Well, first off, unlike 802.11n which could work in either the 2.4GHz or the 5GHz band, 802.11ac is defined for the 5GHz band only. Note that 802.11g was 2.4GHz only. So you'll never have 802.11g and 802.11ac devices sharing airtime on the same radio frequencies. All of the 802.11ac APs I'm aware of on the market so far are simultaneous dual-band devices, supporting b/g/n in 2.4GHz, and a/n/ac on 5GHz.
Also, despite popular and widespread misconceptions, the presence of older-generation wireless clients on the network DOES NOT, AND NEVER HAS forced the whole network down to older-generation rates.

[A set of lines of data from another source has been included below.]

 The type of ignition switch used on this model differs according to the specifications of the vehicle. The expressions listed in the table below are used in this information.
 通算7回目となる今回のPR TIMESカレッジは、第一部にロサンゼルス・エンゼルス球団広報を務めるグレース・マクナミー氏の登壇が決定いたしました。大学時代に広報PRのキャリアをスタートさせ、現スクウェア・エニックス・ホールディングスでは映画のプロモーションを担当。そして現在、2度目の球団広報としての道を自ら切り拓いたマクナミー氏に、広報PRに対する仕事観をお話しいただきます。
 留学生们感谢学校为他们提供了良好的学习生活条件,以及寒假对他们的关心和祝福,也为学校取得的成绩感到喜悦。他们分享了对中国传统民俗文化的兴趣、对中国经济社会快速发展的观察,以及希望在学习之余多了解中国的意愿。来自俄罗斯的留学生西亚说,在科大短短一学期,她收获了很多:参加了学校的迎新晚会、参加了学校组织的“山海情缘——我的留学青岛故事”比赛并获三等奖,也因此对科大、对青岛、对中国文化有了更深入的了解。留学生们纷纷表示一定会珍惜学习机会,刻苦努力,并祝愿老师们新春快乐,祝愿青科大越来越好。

So let's say this was a question about whether your G AirPlay device would bring down the speed of your 2.4GHz 802.11n devices. When it's your N client's turn to send/receive data to/from the N AP, it will still do it at N rates (if it's within range where N rates are the best choice), even if there are G clients on the network.

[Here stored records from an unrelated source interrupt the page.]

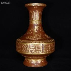 清乾隆紫金釉浮雕描金龙纹瓶
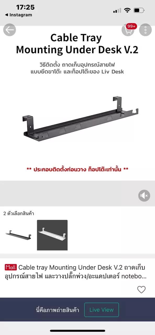 ถาดเก็บอุปกรณ์สายไฟ Cable Tray Mounting Under Desk V.2 จาก 39 รีวิว
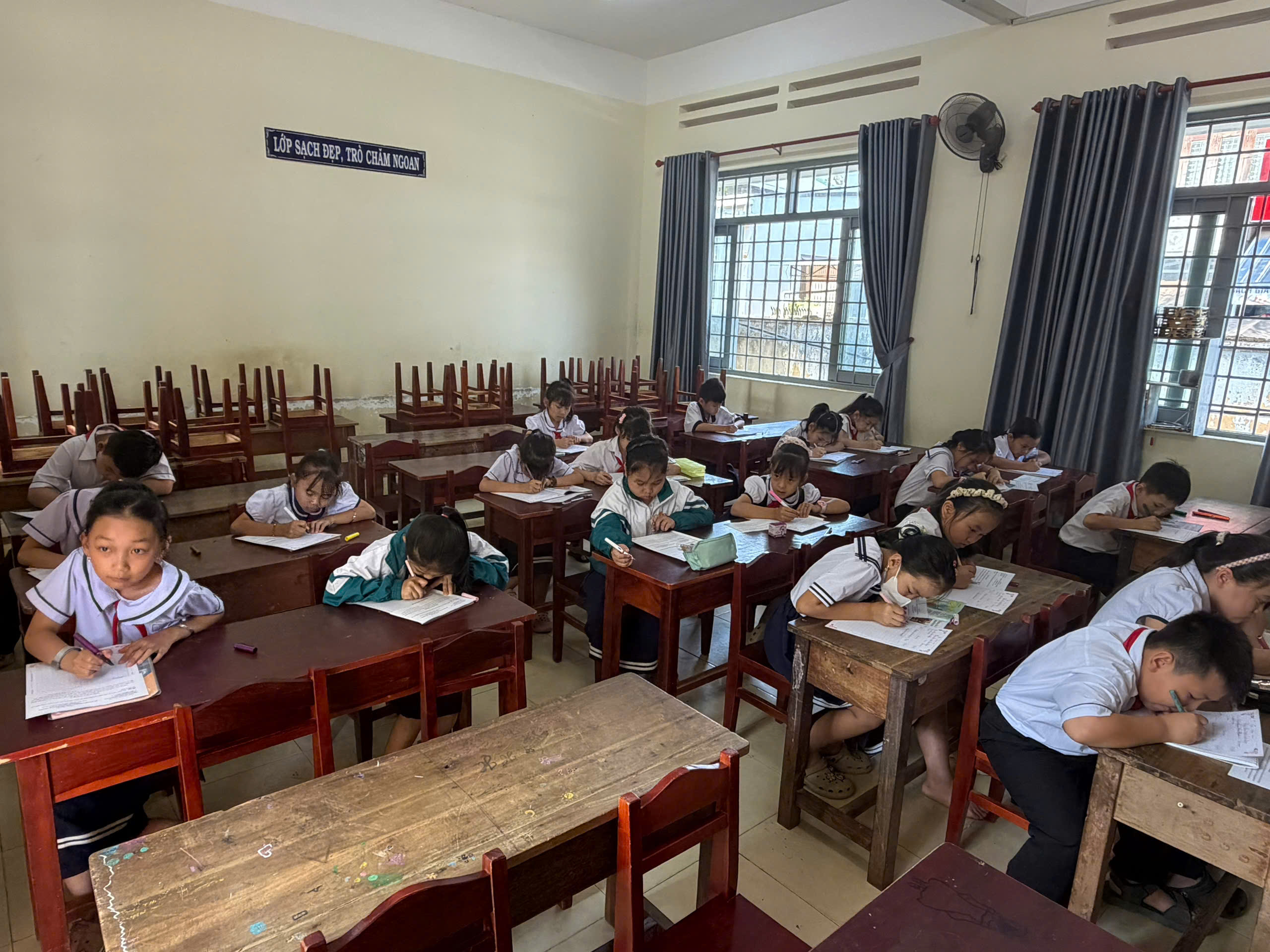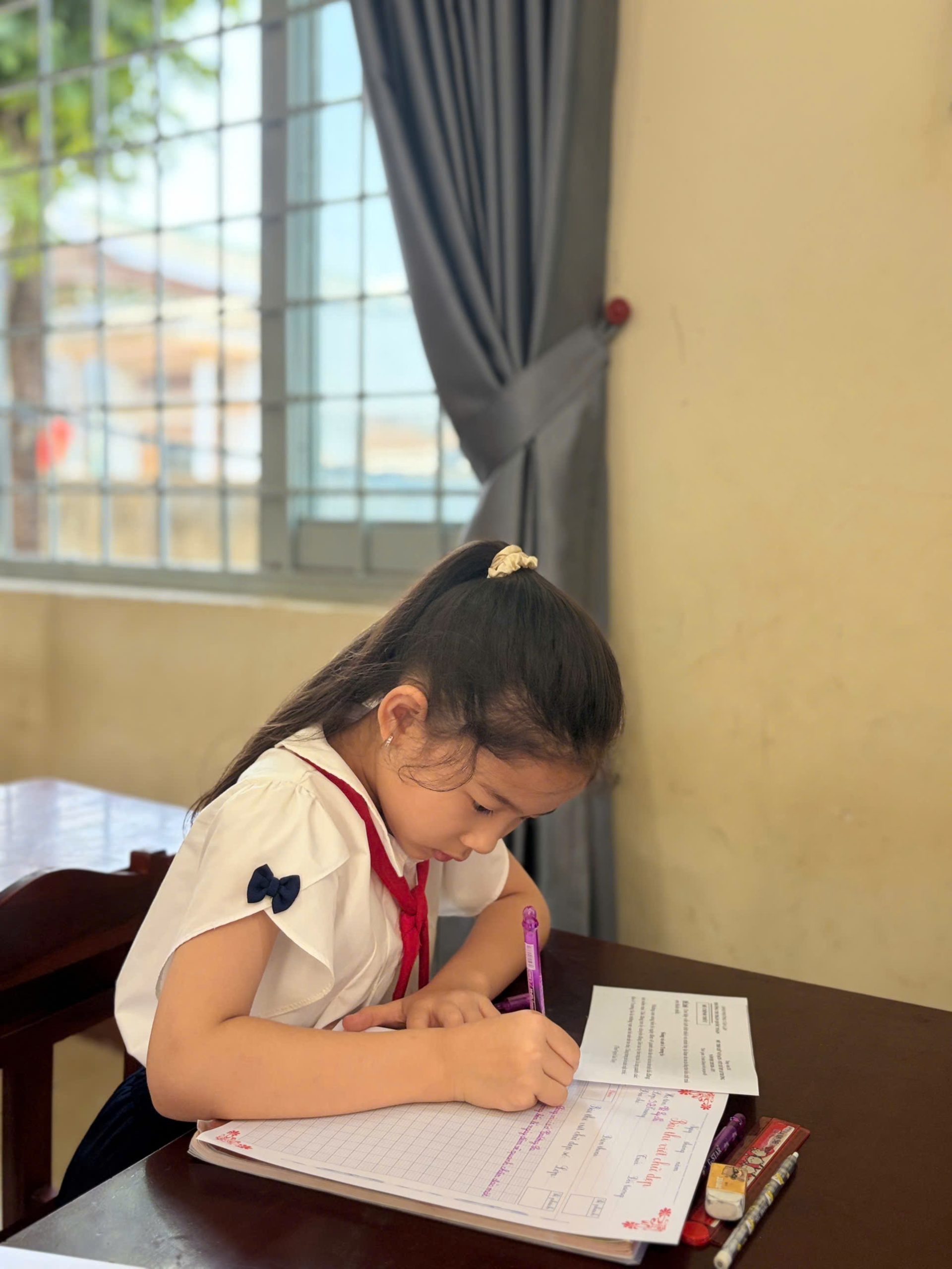 Đó là những cuốn vở phẳng phiu, không một vết bẩn, không một góc quăn. Từng dòng kẻ, từng cách trình bày khoa học chính là minh chứng rõ nét nhất cho tinh thần kỷ luật, sự cẩn thận và lòng hiếu học của học sinh dưới mái trường thân yêu này.

However, when it's the G client's turn to send or receive data, that client can only do it at G rates, so it's likely to use up more airtime on average to transfer the same amount of data. That leaves the AC clients with less airtime to work with, but they're still able to transfer stuff at AC rates when they get airtime, so unless the G client is doing so much work that it's taking up all the airtime, the AC client's wont be impacted that much.
Let's do a back-of-the-envelope estimation to see how your G AirPlay device might affect your 2.4GHz b/g/n network. In the case of AirPlay speakers, you're talking about an audio stream that's perhaps as small as 256kbps with lossy compression, or 1.4mbps completely uncompressed. 802.11g devices, in real-world conditions, often get 15mbps of TCP throughput (because they don't always get their top 54mbps PHY rate, and because Wi-Fi is half-duplex and has a lot of protocol overhead). So while streaming audio to your AirPlay speakers, you might be using from 1/60th to 1/10th of your air time. So even in the worse case estimate, your N clients still get 90% of the air time to use at N rates, so they should still be able to get 90% of the speed they would have gotten if the G client hadn't been there or hadn't been doing anything. That's a lot better than the mythical "it will force them to use G rates", which would have meant cutting them down from a max PHY rate of 450 to a max PHY rate of 54mbps, which would have been a 90% reduction compared to a 10% reduction.